The U.S. Food and Drug Administration (FDA) is alerting the public to counterfeit blood glucose test strips being sold in the United States for use with various models of LifeScan, Inc., One Touch Brand Blood Glucose Monitors used by people with diabetes to measure their blood glucose.
The counterfeit test strips potentially could give incorrect blood glucose values–either too high or too low–which might result in a patient taking either too much or too little insulin and lead to serious injury or death. No injuries have been reported to FDA to date.
The counterfeit test strips are:
One Touch Basic?/Profile? (lot #272894A, 2619932 or 2606340) test strips; and,
One Touch Ultra? (lot #2691191) test strips.
Consumers who have the counterfeit test strips should stop using them, replace them immediately and contact their physician.
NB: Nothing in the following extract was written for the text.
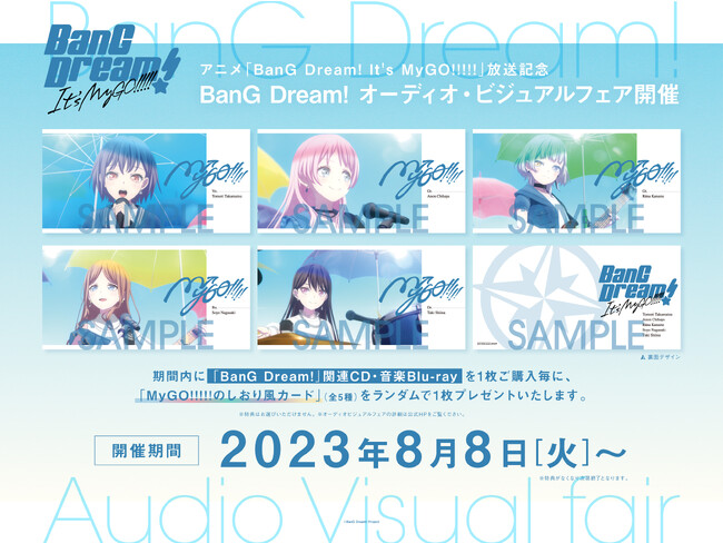 2023年8月8日(火)より、フェア開催対象店舗にて「BanG Dream!」関連CD・音楽Blu-ray(新譜・旧譜含む)を1点ご購入毎に、「MyGO!!!!!のしおり風カード」(全5種)の中からランダムで1枚をプレゼントいたします。
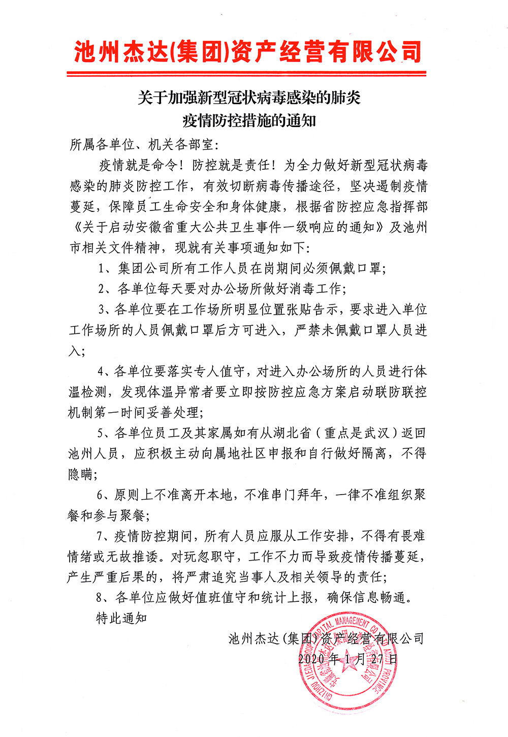 >> 通知公告 >> 杰達集團公司關于加強新型冠狀病毒感染的肺炎疫情防控措施的通知

Consumers with questions may contact the company at 1-866-621-4855.
The counterfeit test strips were distributed to pharmacies and stores nationwide–but primarily in Ohio, New York, Florida, Maryland and Missouri–by Medical Plastic Devices, Inc., Quebec, Canada and Champion Sales, Inc., Brooklyn, N.Y.
The counterfeit test strips can be identified by the following characteristics:
Counterfeit One Touch Basic/Profile Test Strips
Lot Numbers 272894A, 2619932 or 2606340
Multiple Languages- English, Greek and Portuguese text on the outer carton
Limited to 50-Count One Touch (Basic/Profile) Test Strip packages
Counterfeit One Touch Ultra Test Strips
Lot Number 2691191
Multiple Languages- English and French text on the outer carton
Limited to 50-Count One Touch Ultra Test Strip packages
LifeScan alerted FDA of the counterfeit test strips. The agency is investigating the matter.
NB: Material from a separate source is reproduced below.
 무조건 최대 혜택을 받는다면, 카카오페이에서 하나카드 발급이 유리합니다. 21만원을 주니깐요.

LifeScan is alerting the public via a press release and is notifying pharmacists, distributors, and wholesalers through a letter. In its letter, the company is advising customers to contact their original source of supply for restitution. For more information, visit: www.GenuineOneTouch.com.
FDA is alerting its Counterfeit Alert Network partners, a coalition of healthcare professional, consumer and trade associations, who have agreed to further disseminate this important information in a timely and effective manner.
Any adverse reactions experienced with the use of this product, and/or quality problems should also be reported to the FDA?s MedWatch Program by phone at 1-800-FDA-1088, by fax at 1-800-FDA-0178, by mail at MedWatch, HF-2, FDA, 5600 Fishers Lane, Rockville, MD, 20852-9787, or through the MedWatch Web site at www.fda.gov/medwatch.